Characterization of Allelopathic Compounds Produced by Akashiwo sanguinea.
LaTasha Amisial1,2, Peter Moeller 1,3, and Alan Lewitus 1,2,4
1 Marine Biomedicine and Environmental Sciences Center, Medical University of South Carolina, Charleston, SC
2 Hollings Marine Laboratory, Charleston, SC, USA
3 Toxin Chemistry, National Ocean Services (NOS), Charleston, SC, USA
4 Baruch Institute, University of South Carolina, and Marine Resources Research Institute, Charleston, SC, USA
Akashiwo sanguinea (formerly Gymnodinium sanguineum, Gynodinium nelsonii, Gymnodinium splendens) is a dinoflagellate common to coastal marine and estuarine waters where it forms blooms. Although these blooms have been associated with harmful effects to fish and shellfish, the mechanism for toxicity has scantly been examined up tell now and as such is still unknown.
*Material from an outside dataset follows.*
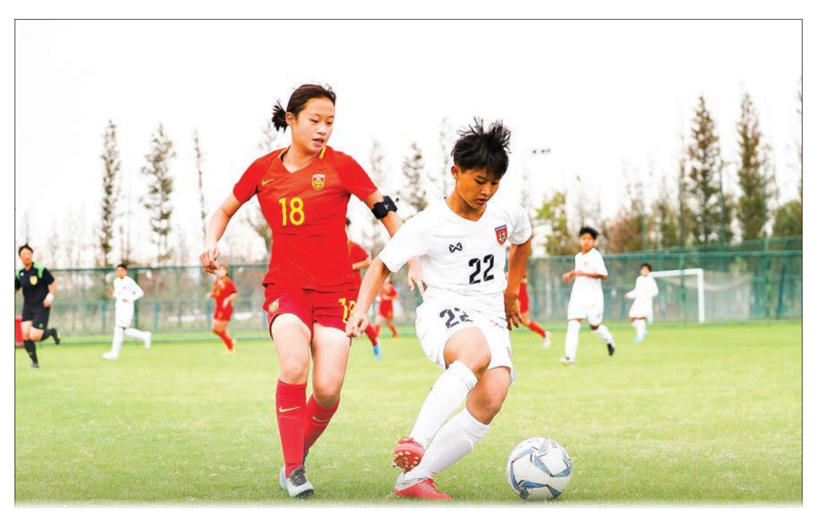
A Myanmar footballer (white) tries to block a China Women's Youth Selection team player (red) during a friendly match yesterday in Suzhou, China.

THE Myanmar women's national football team beat China Women's Youth Selection team by 4-0 in a friendly match yesterday afternoon at Suzhou, Jiangsu Province, China.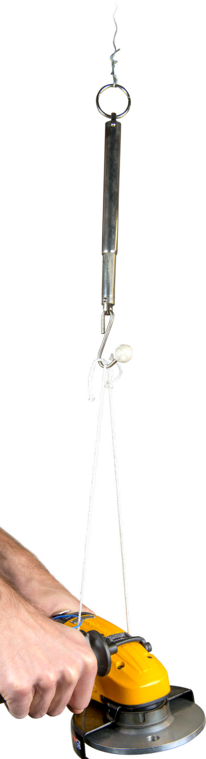
The feed force is measured by suspending the grinder in a scale.

Grinders are run under no-load conditions, equipped with an aluminum test wheel of the same size as the grinder is designed for. The test wheels have a pre-defined unbalance given in the standard. The size of the test wheel in this particular case is \varnothing 125 mm (5").

Evidence that A. sanguinea produces allelopathic compounds was obtained during a 1980 bloom off southern California, from which macrozooplankton avoidance and reduced grazing were observed. However, chemical characterization and isolation of these allelopathic compounds was not attempted. This thesis research seeks to identify the allelopathic compounds produced by a local South Carolina strain of A. sanguinea, and characterize the mechanism for toxicity. Based on toxins associated with other free-living phototrophic dinoflagellates, the allelopathic compounds are most likely to be protein phosphatases, carbohydrate derivatives, polyethers, and/or polyunsaturated fatty acids. The identification of these compounds will proceed by extracting and isolating the compounds from the A. sanguinea cultures. Every aqueous and organic extract fraction will be tested for toxic activity using a MTT cell viability assay and a standard marine toxicity assay. Once the active fractions have been identified, further purification will be done via HPLC, prep TLC, and column chromatography. The purified compound(s) will then be chemically characterized using NMR, Mass Spectrometry, and elemental analysis. Along with chemical characterization, the LC50 value of the active compound(s) will be determined using a standard marine toxin assay (e.g. abalone larvae mortality). Lastly the species will be tested for the polyketide synthase (PKS) gene, commonly found in other toxic dinoflagellates. Our goal is to establish the mechanism and parameters of toxicity for A. sanguinea. This will assist in the over all understanding of how this common dinoflagellate impacts on ecosystems and natural resources around the world.